LOG: [clang] "modular_format" attribute for functions using format strings 
(#147431)

This provides a C language `modular_format` attribute. This combines
with information from the existing `format` to set the new IR
`modular-format` attribute.

The purpose of these attributes is to enable "modular printf". A
statically linked libc can provide a modular variant of printf that only
weakly references implementation routines.

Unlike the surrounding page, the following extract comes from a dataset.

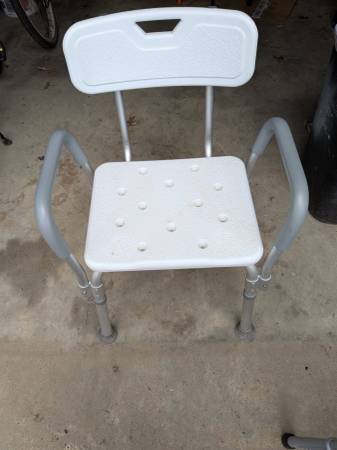 shower chair and portable commode . chair got rained on a few times and the commode was never used
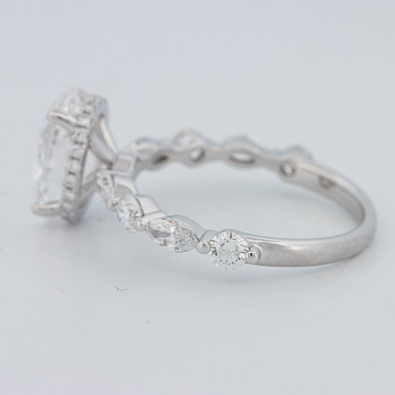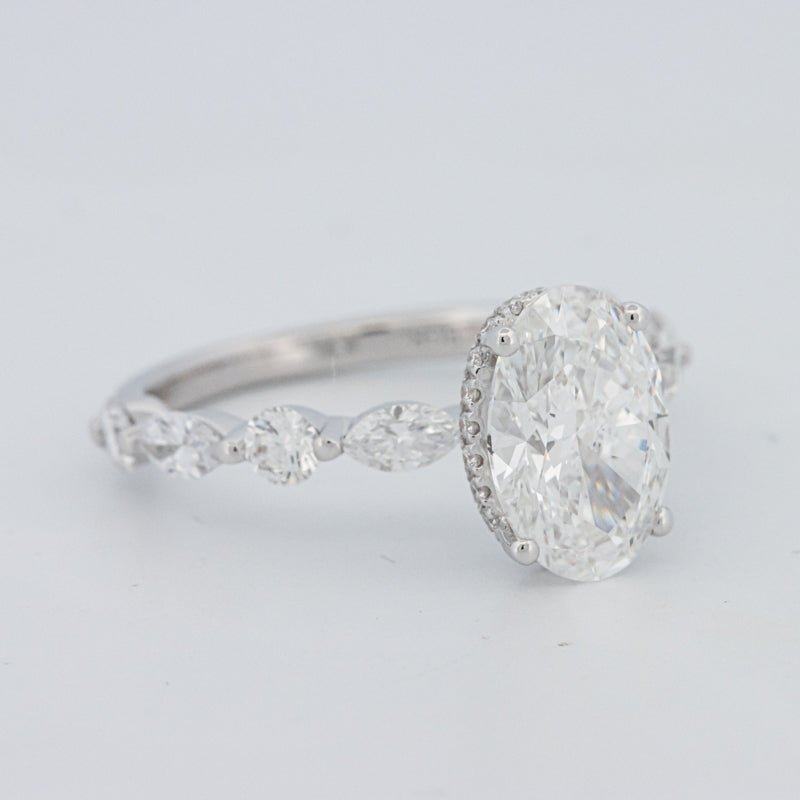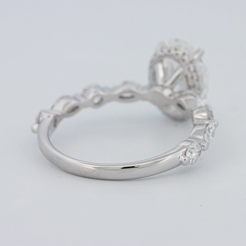 O Oval Under‑Halo Pavé Solitaire apresenta um diamante oval lab‑grown de 2.08 ct D/VS1 rodeado por 1.00 ct de pedras laterais naturais, criando um equilíbrio deslumbrante de profundidade e brilho.

The link-time symbol `printf`
would strongly reference aspect symbols (e.g. for float, fixed point,
etc.) that are provided by those routines, restoring the status quo.
However, the compiler could transform calls with constant format strings
to calls to the modular printf instead, and at the same time, it would
emit strong references to the aspect symbols that are needed to
implement the format string. Then, the printf implementation would
contain only the union of the aspects requested.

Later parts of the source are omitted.